Path: utzoo!utgpu!jarvis.csri.toronto.edu!rutgers!mit-eddie!uw-beaver!rice!brazos.rice.edu!bbc
From: bbc@legia.rice.edu (Benjamin Chase)
Newsgroups: comp.arch
Subject: Re: BitBlt, new instructions for RISC.
Message-ID: <BBC.90Feb25195510@legia.rice.edu>
Date: 26 Feb 90 01:55:10 GMT
References: <7466@pdn.paradyne.com>
Sender: root@rice.edu
Reply-To: Benjamin Chase <bbc@rice.edu>
Distribution: usa
Organization: Center for Research on Parallel Computations
Lines: 124
In-reply-to: alan@oz.paradyne.com's message of 23 Feb 90 20:32:33 GMT

alan@oz.paradyne.com writes:

>In an email message to me, bbd@rice.edu wrote:
>To which I attempted to reply via email. However:
>[it failed]
>So here is my reply:

>I apologize:  I did not realize how easy it would be to misinterpret what I
>wrote.

How painfully true.  I'm bbc@rice.edu (as in British Broadcasting
Company), not bbd@rice.edu.

>  I did not mean to imply that pixels which are vertically sequential
>are also stored sequentially in memory.  The point of my comment was how
>"narrow" the screen is in terms of words of memory, to make it graphically :-)
>obvious that many blits fall within a single word or two.

But the _screen_ isn't narrow.  A modern monochrome display is 32
(32 bit) words wide.

>The point about
>vertical lines is that they always (unless they, or the pixels themselves,
>are very thick) fall within one or two words horizontally.

Yes, and ~1000 words vertically.  And these words are spaced at ~32
intervals.  Thus, when you draw a vertical line, you get a word of
screen memory, perform some operation on it to turn on or off ~1 bit
of that word, and then write it back to screen memory.  Then, you get
the next word, which is 32 words further along, and whoops, it's not
in the data cache, because your silly fetcher got the next 3
consecutive words of screen memory (which you won't be needing right
now because your vertical line is so skinny and all), rather than the
next 3 words spaced at 32 word offsets, which is what you really
wanted it to do if you were drawing a vertical line.

>However, be advised that character
>glyphs may be stored one character glyph per character (so that the entire
>glyph bitmap fits into a single cache line), or perhaps one whole font face
>per glyph.

Fine, I'll certainly agree with "one character glyph per character",
and that for any normal (monochrome) screen resolution and font face
that a row of a character glyph fits into a single cache line, and
usually into a single machine word.

>  In any case, characters are normally blitted in a loop which
>writes a whole string to the screen, often soon followed by another.  So it 
>is likely that the most frequently used characters would have their pixels
>in the cache already.

But that's only half the problem.  What about the screen memory that
isn't in the cache because it won't fit?  (Especially when you're
filling the cache with screen words that you won't be writing upon, as
in my example above.)

>Well, suppose you want to market your CPU as a graphics engine?

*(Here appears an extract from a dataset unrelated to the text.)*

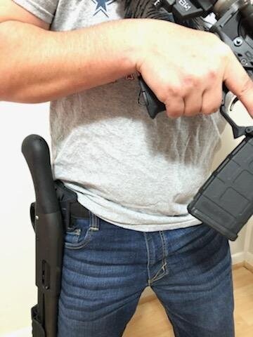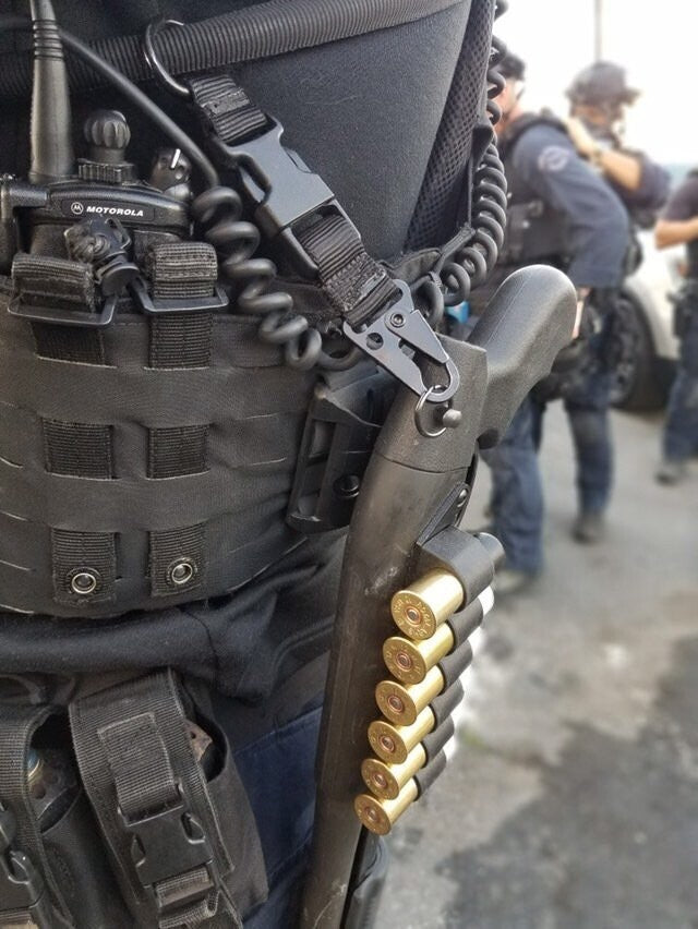 The Stratus Support System all new Shockwave 590 Pin Combo. Pin replaces the rear trigger pin on the Shockwave 590 12 gauge. (Also works on any 500/800 series & the Mossburg 88 12 gauge) The knuckle can be attached to the left or right side of weapon. The GEN2 Holster attaches to MOLLE or via belt. The holster accepts the knuckle and keeps the weapon secure while your hands free and is instantly deployable. A breachers favorite or from home defense.

That is another story entirely.  I thought this whole thing started by
discussing what sorts of new instructions might fit into the next RISC
processor.  Granted, just because it's a "RISC processor" (TM) :-)
doesn't mean it won't be marketed as a graphics engine.

Now, getting back to "new instructions for RISCs", sort of...  [I
think most of this is from a brain-storming session one recent night
that afflicted me and Preston Briggs. :-) ]

Suppose you're designing a superscalar architecture.  A recent example
of such an architecture allows a branch, an "integer instruction", and
a floating point instruction to be issued all at once.  This seems
like a good idea, especially if your chip set will be used for
heavy-duty number crunching, or for generating really high SPEC marks,
especially on those floating point benchmarks. :-) But if you weren't
so interested in floating point, what else would you put into that
part of the instruction?

Well, probably not graphics operations, per se, since you wouldn't
expect graphics operations to be sprinkled throughout your code, where
the compiler would find them and fold them together with branches and
additions into neat little triplets.  Even counting on a MERGE
instruction to occur throughout your "instruction stream" is a little
extreme, because if all the memory accesses turn out to be aligned,
you've just thrown away a large chunk of your superscalar chip's
potential performance (cf.  relative performance of the IBM 6000s on
integer vs.  floating point benchmarks).

Perhaps in the floating point slot of the superscalar instruction,
you'd put (among other things?) little hints to the cache instead?
Whisper gently into the processor's ear, saying "get the value in
register N, and use that as a stride for yanking words into the cache
until I tell you something different".

Perhaps N contains the width (in machine words) of a bitmap, and this
will cause the cache to get the 4 words out of your bitmap, one
(conceptually) stacked on top of another, so that you can blit 4 rows
of your character glyph into them, before missing again.

Or maybe you're addressing an array in the "wrong order" (for a
particular language), not getting consecutive elements, but getting
only one element out of each row or column, before moving onto the
next row or column.  Or maybe you used one of those wacky
array-reshaping commands from FORTRAN 2001...  :-) Then register N
might contain the number of words in a row or column.

Or maybe the correct thing to do in a particular case is tell the
processor not to load anything extra into the cache, just get what's
needed, because the next several instructions will be loading words
from all over the place, and just because location A was loaded is
absolutely no indication that location A+1 will be needed anytime
soon.

Or maybe the current instruction is loading a value that won't be
needed again for a loooong time.  In this case, we'd like to tell the
cache to just hand the word to the processor, and not waste any space
keeping a copy for itself.

A good compiler might notice all of cases, and construct the
appropriate whisper for that third slot of the superscalar
instruction.

Does anyone else have thoughts on this?  What kinds of things would
_you_ put in the slots of your superscalar chip(s)?
--
	Ben Chase <bbc@rice.edu>, Rice University, Houston, Texas